# Englewood creeks and upper Myakka Action



## [email protected] (Jul 23, 2010)

me and my friend went to a spot we found on google maps and found some trails that led out to it. a mile of walking and a few barbwire fences and we got there. it was an oasis of fish. reds tailing, 20lb tarpon throwing mullet every where, and snook working the mullet like they would in the summer. i jumped a tarpon, brian got a good fight with a 30in+ red. i couldent get any reds to the bank but i got some baby snook up and so did brian. the snook were biting on the top and loved my sebile stick shad and brians mirrolure catch 5000 these are the only fish worth braging about but we had a great time and a new great secrit spot.










my 29 incher










brians 22incher

This is a nice vid of my friend and his dad up in the myakka filming for flatspirateTV this month

please watch theres some good footage!!!!

http://vimeo.com/18384190

if you want a charter with capt. Tadd VanDemark or learn more about him got to *www.A-TADD-MORE.com*


----------



## ifsteve (Jul 1, 2010)

I talked to Tadd the other day about a couple of trips we are doing together this spring and he told me about the FlatsPirate videos. They are pretty cool and Tadd really knows his stuff. He is a great guy to spend time on the water with too.


----------



## [email protected] (Jul 23, 2010)

im good friends with his son. im over at his house almost every weekend and we always find a way to go fishing. im going over there in a little to help his son tanner tie flies for his dads louisiana trip lol


----------



## ifsteve (Jul 1, 2010)

Tanner fished with us when we were down last May. Kid sure could spot the redfish. Took a liking to that boy right away. Besides the dude is a soccer player so he scores big in my book. I am jacked for this spring. Going to fish with Tadd in LA next month then in Florida in June.
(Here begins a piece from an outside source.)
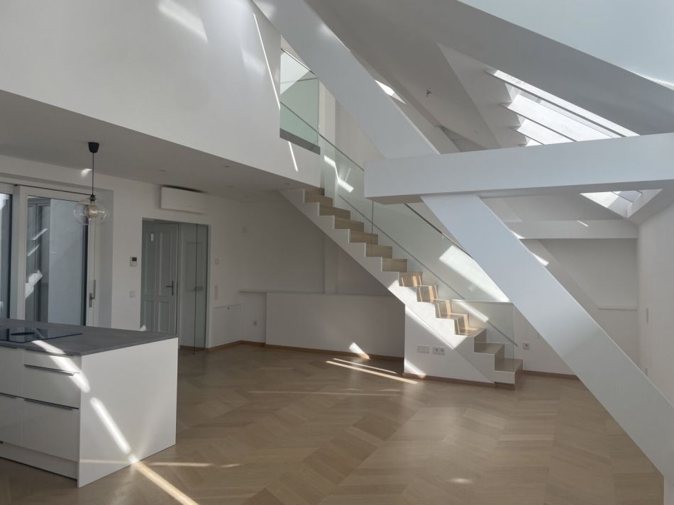Die Maisonetten-Wohnung besticht neben ihrer raffinierten und modernen Gestaltung ebenfalls mit der zentralen Lage im Herzen von Wien! Die Zugänge innerhalb der Wohnung erfolgen teilweise zentral, wobei Sie direkt im Vorzimmer von einem Abstellraum mit Waschmaschinenanschluss und einem großzügigen Garderobenbereich empfangen werden. Von hier aus gelangen Sie direkt hindurch durch die Wohnküche auf die Terrasse, welche zum Entspannen einlädt. Ein separates Gäste-WC neben dem Eingang, komplettieren diesen Bereich.

Tell them Steve from Idaho said hello!


----------



## skinnywater3 (Feb 8, 2009)

what are you doing here steve. shouldnt you be shoveling snow or something


----------



## ifsteve (Jul 1, 2010)

Skinny

Took care of the latest need for shovelling Friday. Then for the first time in over 2 weeks it actually got above freezing yesterday. A Pacific front is moving in and its currently 36 and supposed to rain today at least below 6500 ft. The mountains are supposed to get over a foot of snow today and tonight.

But all the waters are still hard so can't go fishing so might as well get on fishing forums and yak about it!!! ;D


----------



## HaMm3r (Dec 11, 2006)

Cool adventure going and finding some obscure spot on foot!  I like doing that for bass.


----------